Task statement: Return the lines of the listing below exactly as they appear, beginning at the one with "Wave Scope |" and stopping after the one with "Das einfach eingerichtete"; do not include pictures.

Collected data:
◇ ◇ ◇
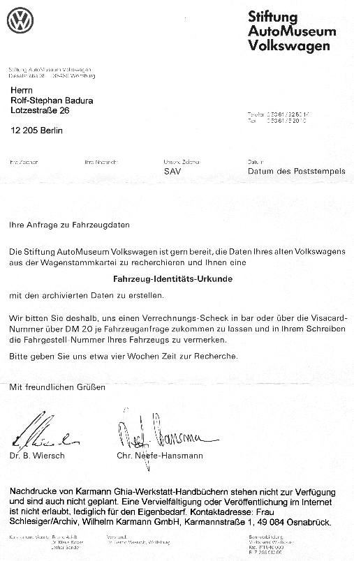 [ Das KARMANN Ghia Forum ] Geschrieben von Rolf-Stephan Badura am 02. März 2001 20:23:28:
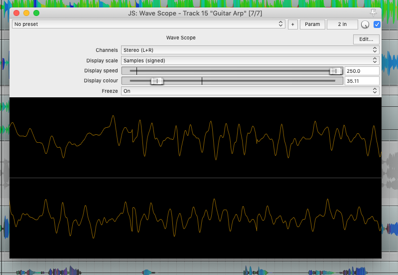 Wave Scope | Waveform display that can visualize various mono/stereo channel streams as Decibels, signed or absolute samples. With fadeable colours and freeze-on-pause function. |
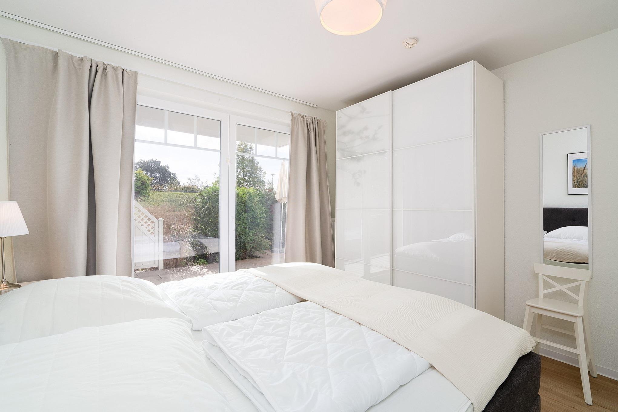 Das einfach eingerichtete Schlafzimmer ist mit einem Doppelbett (180x200cm) und einem Kleiderschrank ausgestattet. Das Fenster lässt sich vollständig verdunkeln.
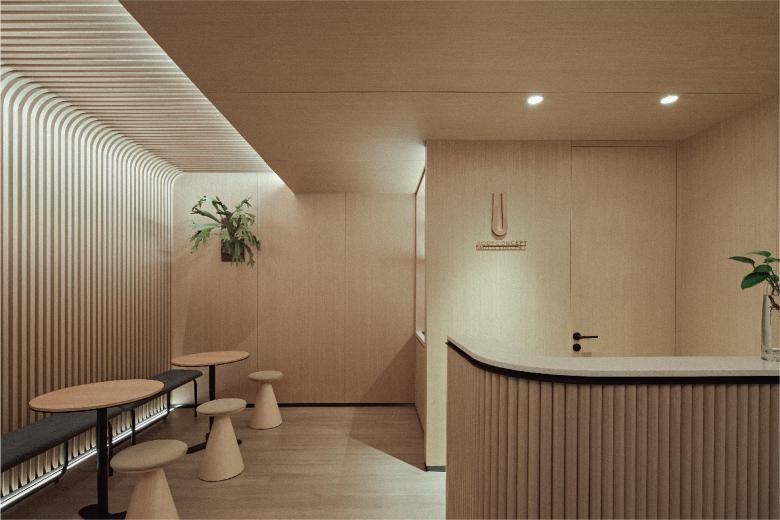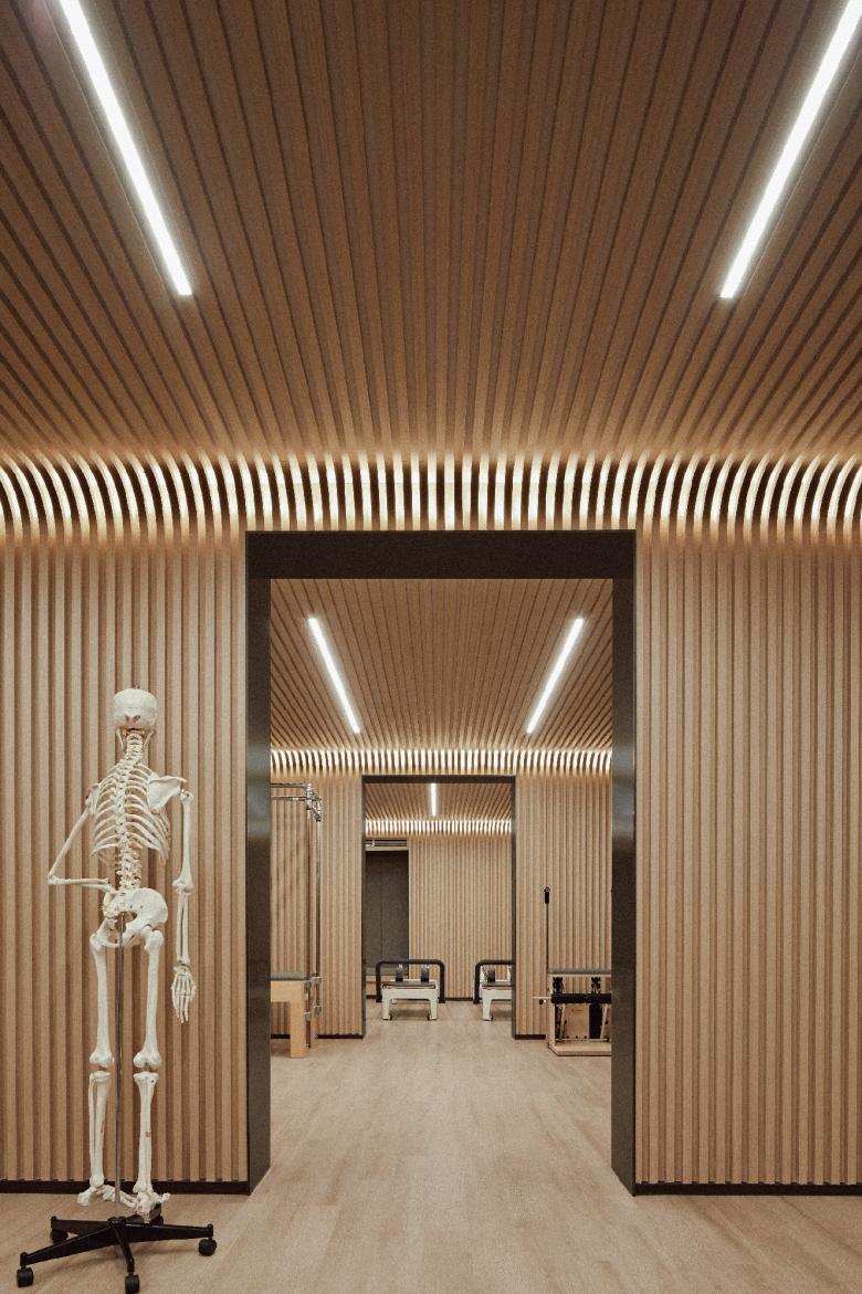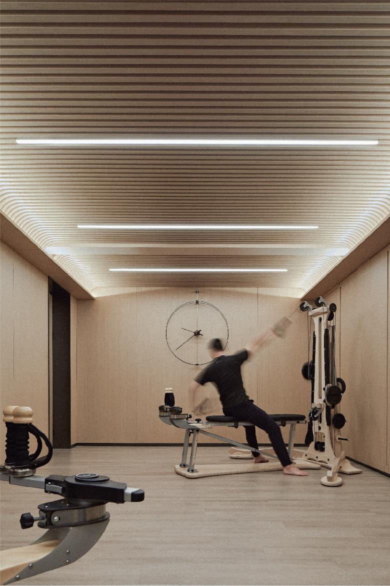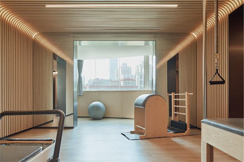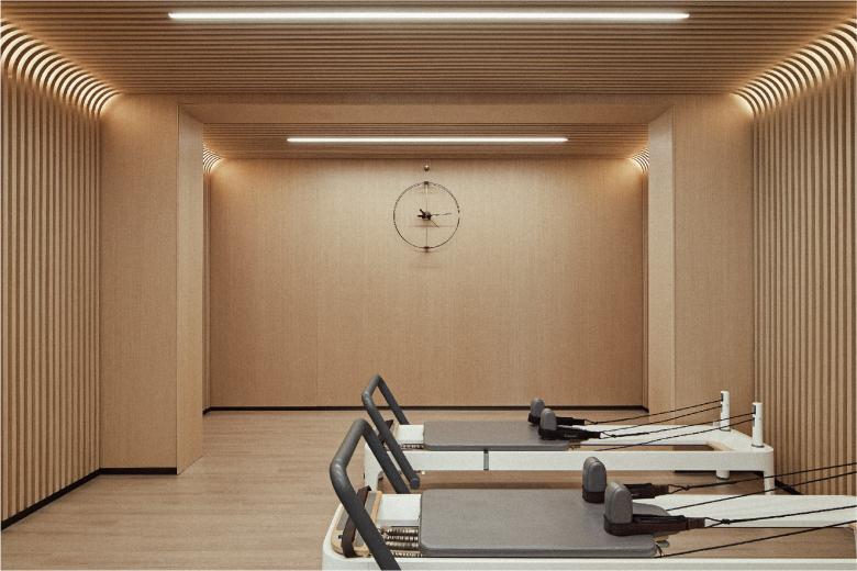 Follow the essentials of the exercise, facades are made of wood, and the part of the shape keeps the arc, which minimizes the visual stimulation. There are many laydown postures in Pilates, so lighting design avoids the form of direct illumination to ensure the smoothness of the training process.
◇ ◇ ◇
Exercise solution:
 Wave Scope | Waveform display that can visualize various mono/stereo channel streams as Decibels, signed or absolute samples. With fadeable colours and freeze-on-pause function. |
 Das einfach eingerichtete Schlafzimmer ist mit einem Doppelbett (180x200cm) und einem Kleiderschrank ausgestattet. Das Fenster lässt sich vollständig verdunkeln.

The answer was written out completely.